Exercise: When you copy the data, keep every line exactly as written and skip the pictures.

+++ Collected material

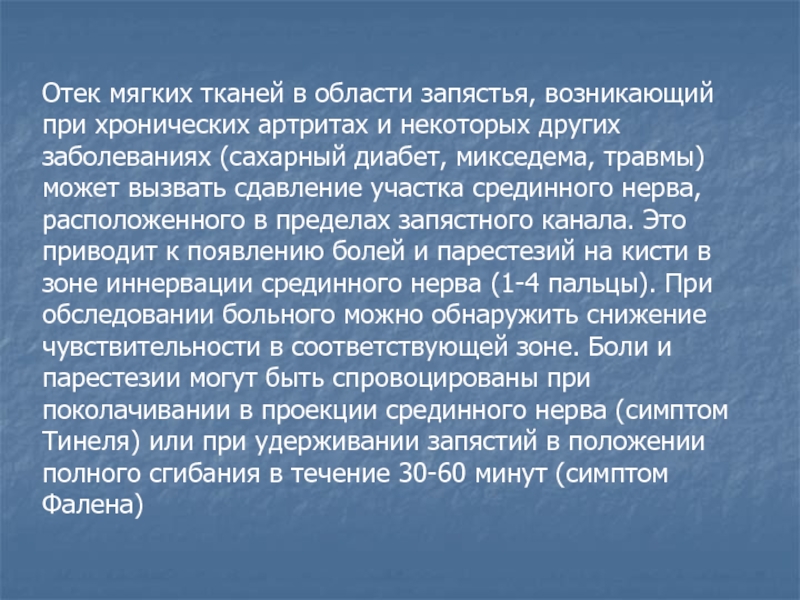 сдавление участка срединного нерва, расположенного в пределах запястного канала. Это приводит к появлению болей и парестезий на кисти в зоне иннервации срединного нерва (1-4 пальцы). При обследовании больного можно обнаружить снижение чувствительности в соответствующей зоне. Боли и парестезии могут быть спровоцированы при поколачивании в проекции срединного нерва (симптом Тинеля) или при удерживании запястий в положении полного сгибания в течение 30-60 минут (симптом Фалена)
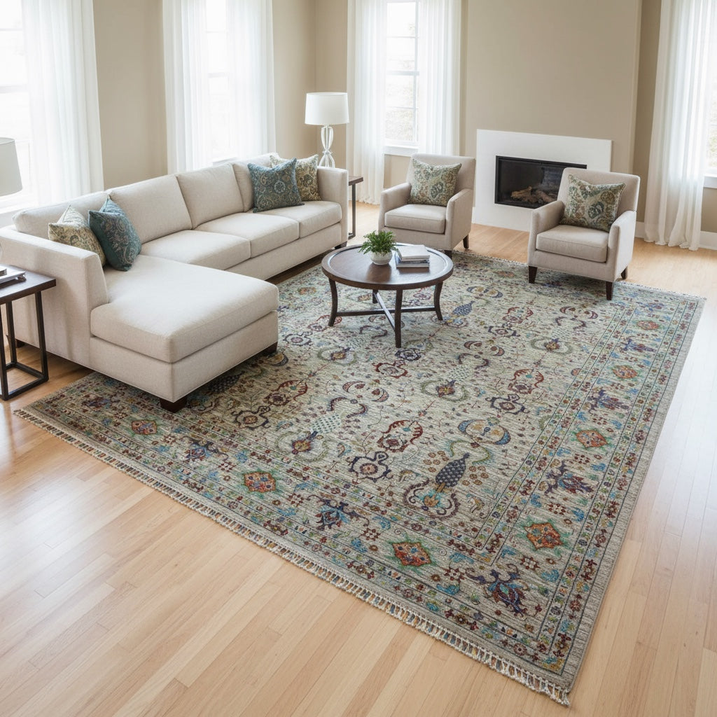 Il design presenta un campo color beige, adornato da motivi floreali e decorativi che si dispiegano con eleganza su tutta la superficie. Le sfumature armoniose dei fiori e degli elementi ornamentali creano un effetto visivo vibrante e affascinante, conferendo al tappeto un carattere lussuoso e una bellezza senza tempo. La cornice, anch'essa decorata con motivi floreali, completa con equilibrio e raffinatezza il disegno complessivo.
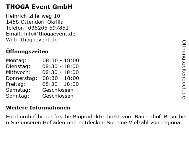 | Öffnungszeiten THOGA Event GmbH in Ottendorf-Okrilla anzeigen | |

++++++

Solution:
 сдавление участка срединного нерва, расположенного в пределах запястного канала. Это приводит к появлению болей и парестезий на кисти в зоне иннервации срединного нерва (1-4 пальцы). При обследовании больного можно обнаружить снижение чувствительности в соответствующей зоне. Боли и парестезии могут быть спровоцированы при поколачивании в проекции срединного нерва (симптом Тинеля) или при удерживании запястий в положении полного сгибания в течение 30-60 минут (симптом Фалена)
 Il design presenta un campo color beige, adornato da motivi floreali e decorativi che si dispiegano con eleganza su tutta la superficie. Le sfumature armoniose dei fiori e degli elementi ornamentali creano un effetto visivo vibrante e affascinante, conferendo al tappeto un carattere lussuoso e una bellezza senza tempo. La cornice, anch'essa decorata con motivi floreali, completa con equilibrio e raffinatezza il disegno complessivo.
 | Öffnungszeiten THOGA Event GmbH in Ottendorf-Okrilla anzeigen | |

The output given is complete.